__DATASET ENTRIES__:
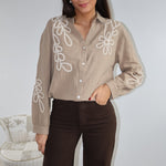 Son col en V met subtilement en valeur le décolleté, tandis que les broderies délicates sur l’avant et les manches ajoutent une touche artisanale et féminine.
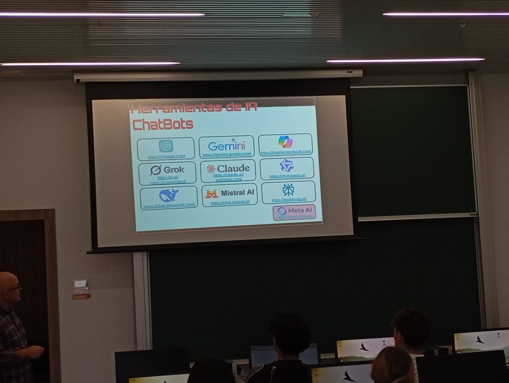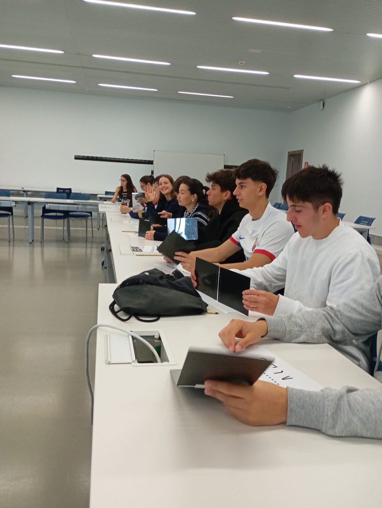 Las condiciones del Aula Digital Conectada del IES Severo Ochoa permitieron que toda la presentación se viera con claridad en la pantalla gigante interactiva, algo que ayudó mucho a seguir cada detalle.
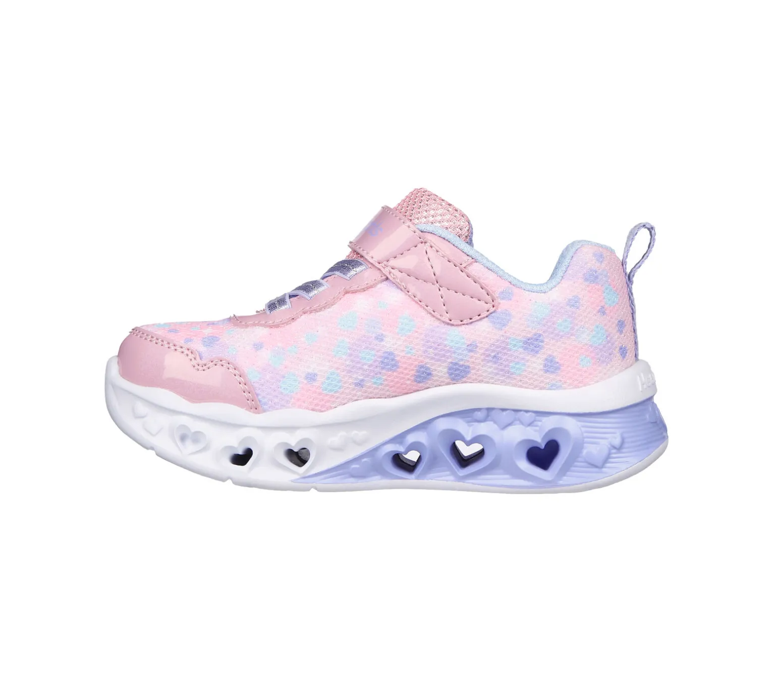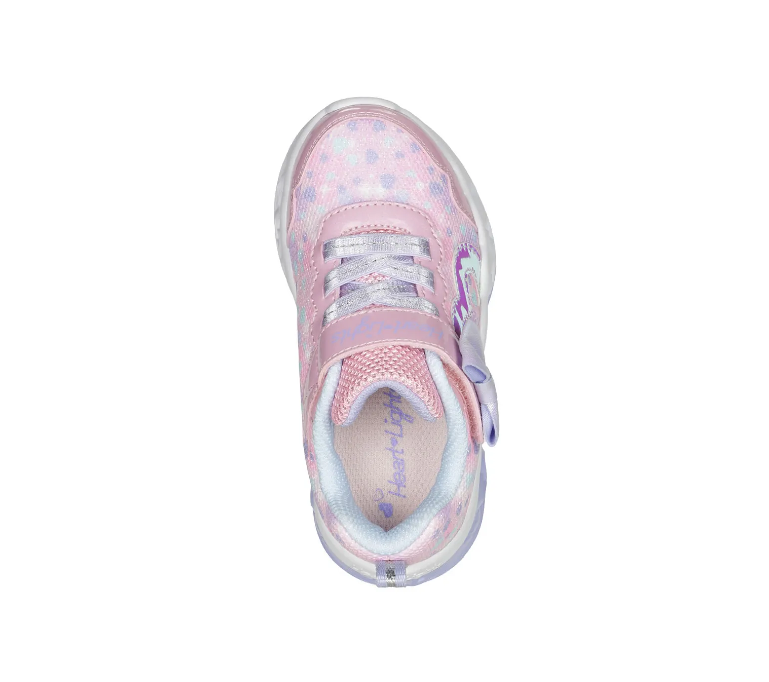 Mit den Skechers Flutter Heart Lights – Kind Spirit ist das Herz bei jedem Schritt dabei. Dieser leichte Schlupfschuh aus Stoff mit Herz-Print verfügt über ein synthetisches Glitzer-Herz-Overlay sowie eine lustige 3-D-Herz-Zwischensohle mit Leuchtfunktion.
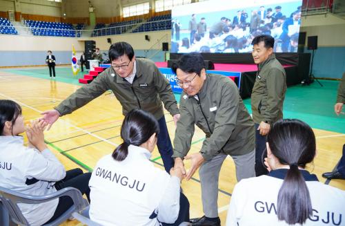 °á´Ü½Ä¿¡´Â °±âÁ¤ ½ÃÀå°ú ½Å¼öÁ¤ ±¤ÁÖ½ÃÀÇȸ ÀÇÀå, ÀÌÁ¤¼± ±¤Áֽñ³À°°¨, Àü°©¼ö ±¤ÁÖ½ÃüÀ°È¸Àå, ¼±¼ö 300¿©¸íÀÌ Âü¼®Çß´Ù.
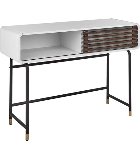 BELIANI Tavolo consolle bianco con sportello scorrevole a lamelle in legno scuro Rifle

__TASK TO CARRY OUT__: Print the data above verbatim from the first line through the line holding "Las condiciones del", leaving every picture out.

__ANSWER__:
 Son col en V met subtilement en valeur le décolleté, tandis que les broderies délicates sur l’avant et les manches ajoutent une touche artisanale et féminine.
 Las condiciones del Aula Digital Conectada del IES Severo Ochoa permitieron que toda la presentación se viera con claridad en la pantalla gigante interactiva, algo que ayudó mucho a seguir cada detalle.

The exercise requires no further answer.